女の視線に気付き、男はない方の腕を隠すどころか、誇らしげに掲げてみせた。
「これが気になるか? これは生まれつきじゃぁ。髪の色も生まれつきじゃぁ。可笑しかろ? 可笑しかろうよ。儂も可笑しいわ、がっはっはっは!」
それは一般的に、悲劇、と分類されるだろう。
少なくとも女はそう思ったし、コイツは絶対阿呆だ、とも思った。
「しっかしまぁ、見つけた時はおっ死ぬもんだとばっかり思っとったが、なかなかどうして、お主頑丈よなぁ。髪も儂に負けず劣らず豪快な色じゃし、胸尻もでかいしの。ああ、アレか? お主、ひょっとして蛇穴山のヤマガミサマか? がっはっはっはっは!」
遠慮の欠片もない男の笑い方が、女はひどく癇に障って仕方がない。本人にその気はないのだろうが、どうにも無闇に馬鹿にされている気がするのである。言動に知性が感じられないのだ。
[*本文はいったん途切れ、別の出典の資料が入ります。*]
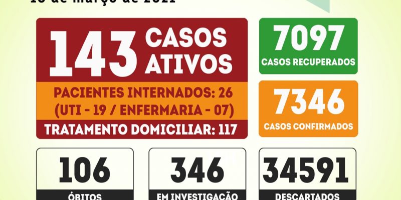 O município tem 346 casos em investigação, 34.591 casos descartados, 7.346 casos confirmados, 117 pacientes em isolamento domiciliar, 26 pacientes em internamento hospitalar, 143 casos ativos e 106 óbitos.
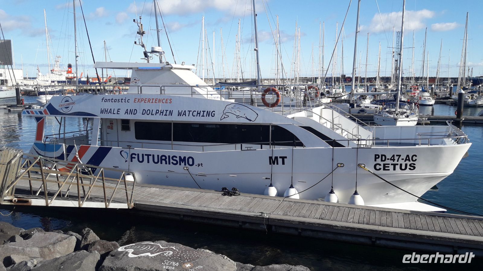 Am sehr kleinen Flughafen von Horta können wir später dann sogar bei der Verladung unseres Gepäcks zusehen, ehe wir am Nachmittag in das bereits bewährte Hotel in Ponta Delgada einchecken. Und die abendliche Begutachtung unseres Walbeobachtungsbootes lässt Vorfreude auf den morgigen Tag aufkommen.
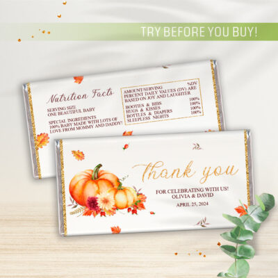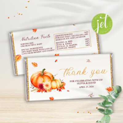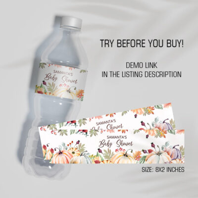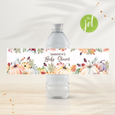 - Pastel Pumpkin Baby Shower Water Bottle Labels are the perfect personalized touch for your Fall Baby Shower. Add your own words! Make your favors one of a kind! Try Demo, Copy and Paste into browser. https://jettemplate.com/demo/NL3385 This is a Digital Item that you'll be able to access and EDIT yourself…
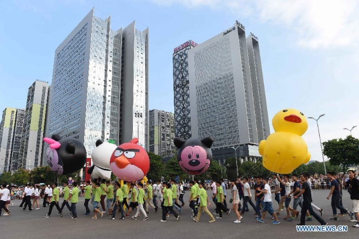 Citizens take part in a parade to celebrate the National Day in Liuzhou, south China's Guangxi Zhuang Autonomous Region, Oct. 1, 2015. [Photo: Xinhua]
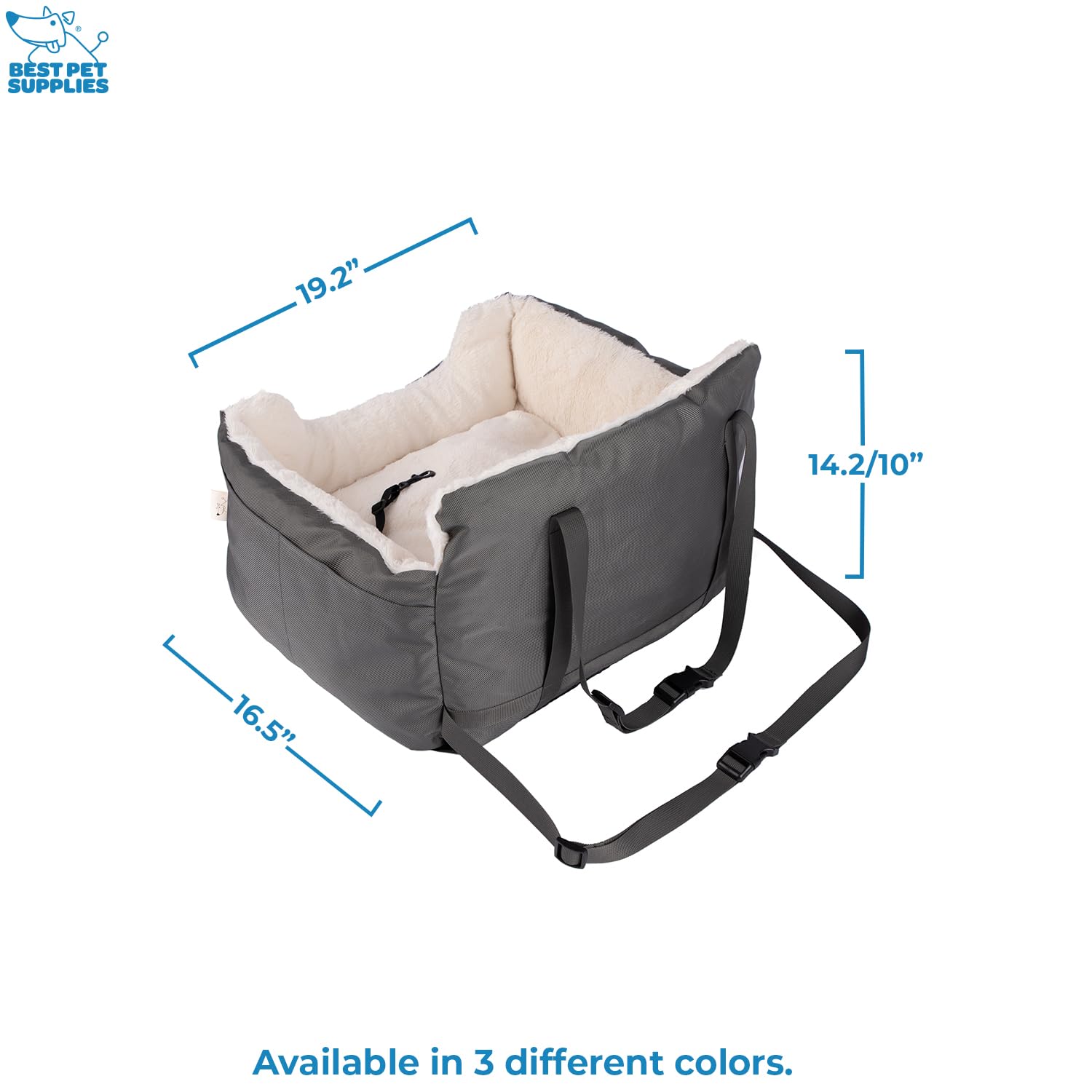 Best Pet Supplies Dog Pet Booster Seat, Dog Car Seats for Small Dogs & Medium Dogs, Soft Plush Cushion with Comfortable Bedding, Secure Straps, and Tall Pillow, Gray
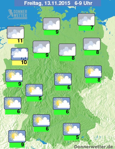Der Morgen startet im Norden dicht bewölkt oder bedeckt aber meist trocken. Die Südhälfte startet mit heiterem Himmel in den Freitag.
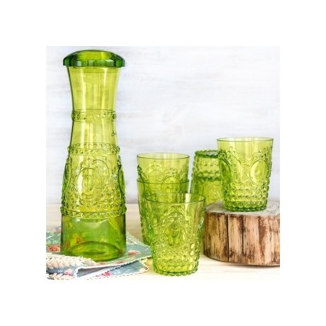 Изящный и легкий набор, состоящий из графина яркого салатового цвета и 6-ти стаканов для воды, создан для красивой подачи прохладительных напитков как в квартирах, так и на летних верандах загородных домов. Надежно сохранит ваш любимый лимонад или компот, благодаря надежной крышке с силиконовым уплотнителем.
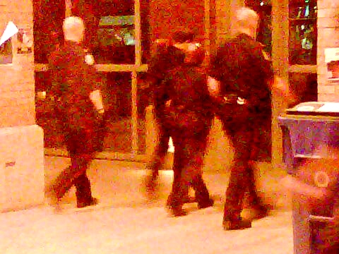 Police lead away the accused, who locked himself in the Hill’s restroom for approximately two hours. - Ana Rancourt
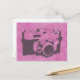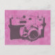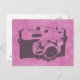 Vintage Kamera mit rosa Wirbel Hintergrundekarte. Gut für jeden Anlass.
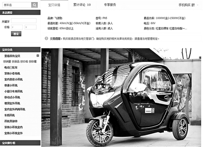 北青報記者登錄淘寶平臺,選擇了一家發(fā)貨地址為北京,售價在萬元左右,標(biāo)稱為電動三輪車,成人家用豪華全封閉代步車的商品。雖然店家表示北京的銷售正常進行,但北青報記者發(fā)現(xiàn),在商品頁面靠前的位置,平臺打出了一行前面帶有感嘆號的交易提醒:“購買前請咨詢當(dāng)?shù)亟还懿块T,確定購買地的相關(guān)法律法規(guī)規(guī)定,請遵循當(dāng)?shù)毓芾硪?guī)定?!北鼻鄨笥浾哂炙阉髁似渌恍╇妱尤嗆嚒⑺妮嗆嚿唐?,部分商品在彈出時,頁面上會顯示“交易提醒”的提示,但并不是所有類似產(chǎn)品都進行了提醒。
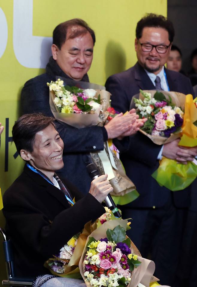 이용마 MBC 기자, 휠체어 타고 첫 출근.."복직, 꿈 같다"
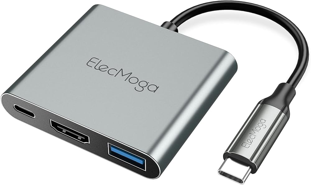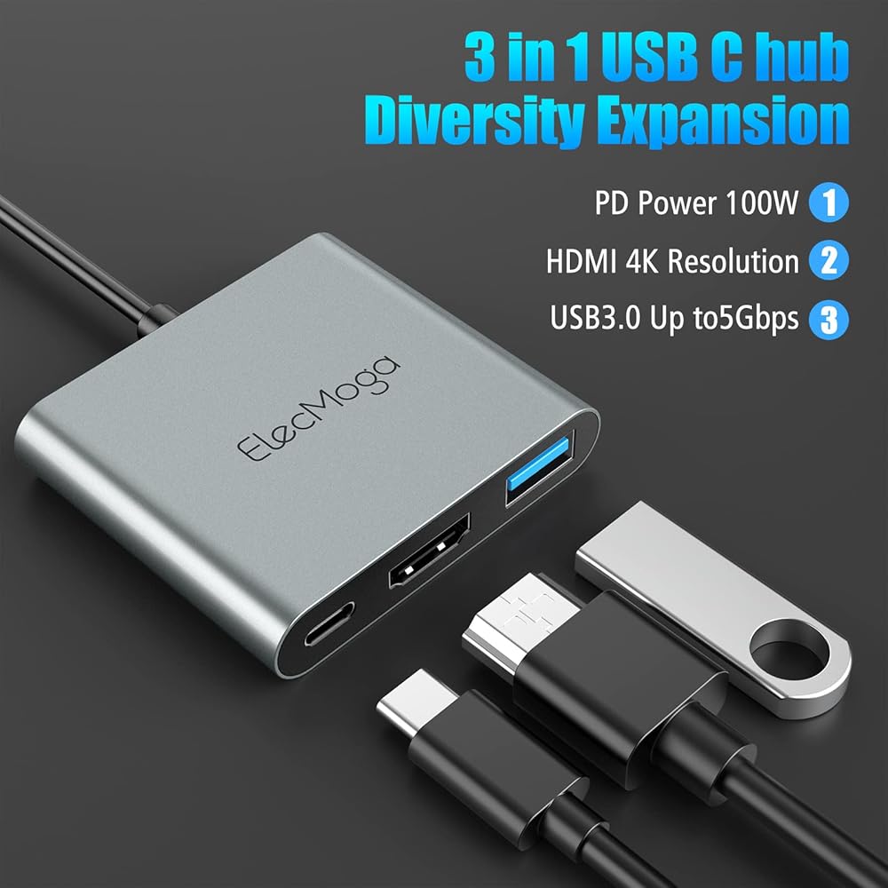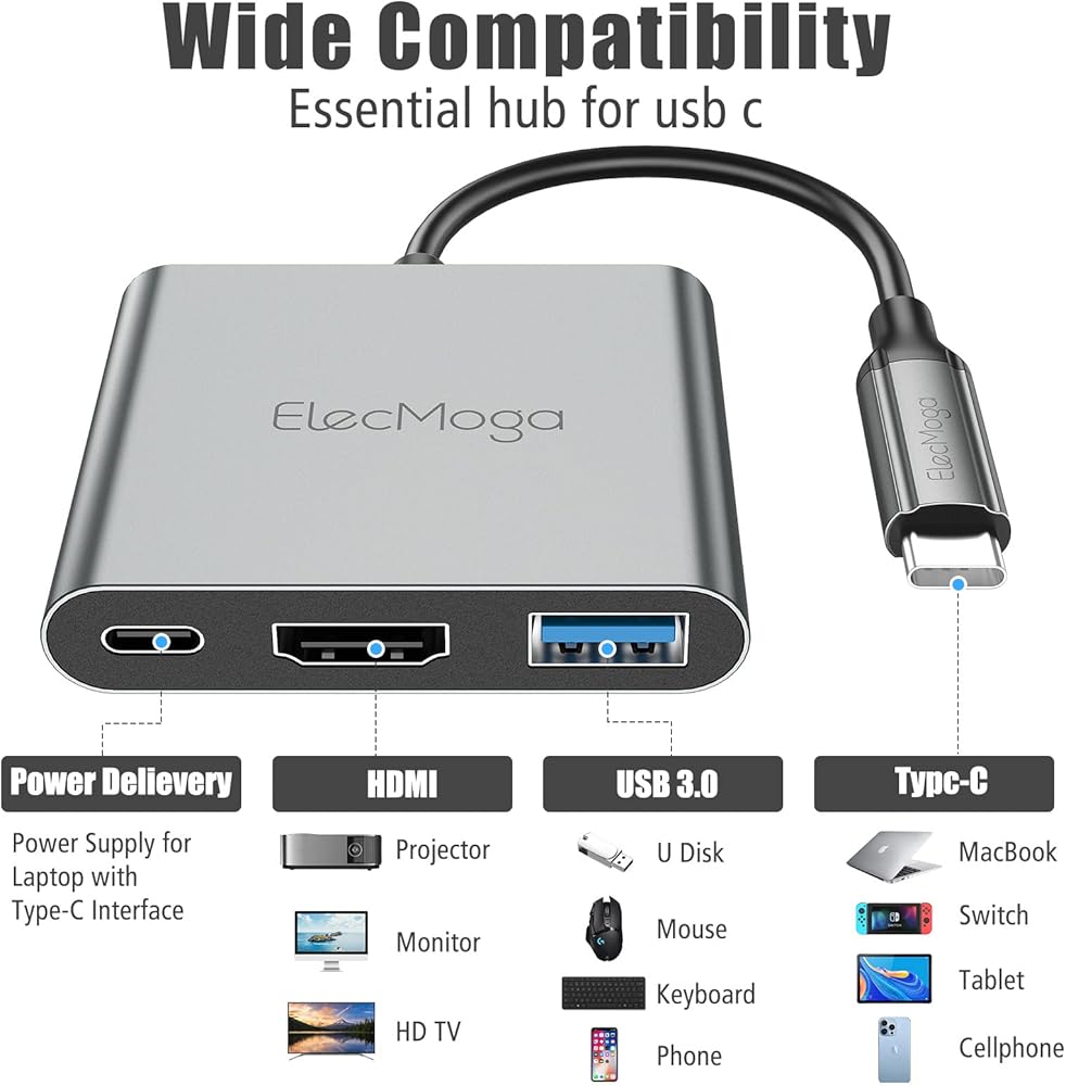 محول ElecMoga USB C إلى HDMI، مخرج USB C Hub-4K HDMI مع USB 3.0 + USB C متعدد المنافذ AV محول محول رقمي متوافق مع منفذ شحن لأجهزة MacBookPro وiPad وHP وSamsung S23 والمزيد - رمادي

大体、ヤマガミ云々と彼女の胸尻の大きさに、何の関係があるというのだろう。
「……、馬鹿笑いしおって、人間風情が」
「がっはっはっはは……、あん? お主、もしかして怒ったか?」
「驕るな人間。私、いや、我は――、〈白蛇〉。そう、我は『蛇穴の白蛇』よ。……決めたぞ。今日この日より、貴様のその性根、叩き直してくれる」
「や、ややややっぱり本物の神さんじゃったかあぁっぁぁああーッッ!?」
男は神の口上を信じ切り、慌てて横柄な態度を一転させると、土下座を始めてしまう。小さく折りたたまれた巨躯が床に額を打ち付けるたびに、あばら屋全体が不安なほどの軋みをあげた。
女は布団を被りながら、怒ったように男を睨んでいたが、
「…………くす」
しかし、すぐに堪えきれなくなった。
「……な、なんじゃぁっ? 神さん、今度はどうなってしもうたんじゃぁ?」
恐る恐る、布団を盗み見た男は……、その瞬間、息をするのを忘れてしまう。
アンゴルモアが人生百回分の時間を費やしても、手に入れる事ができなかった可能性。その可能性が今、現実のものになっている。
銀の前髪で隠すように、太陽の眼は弓なりになっていた。
白磁の頬を緩ませて、桜色の唇は穏やかに広がっている。
そして透き通るような声を上げながら、
一万年前の娘は、一万年ぶりに笑っていた。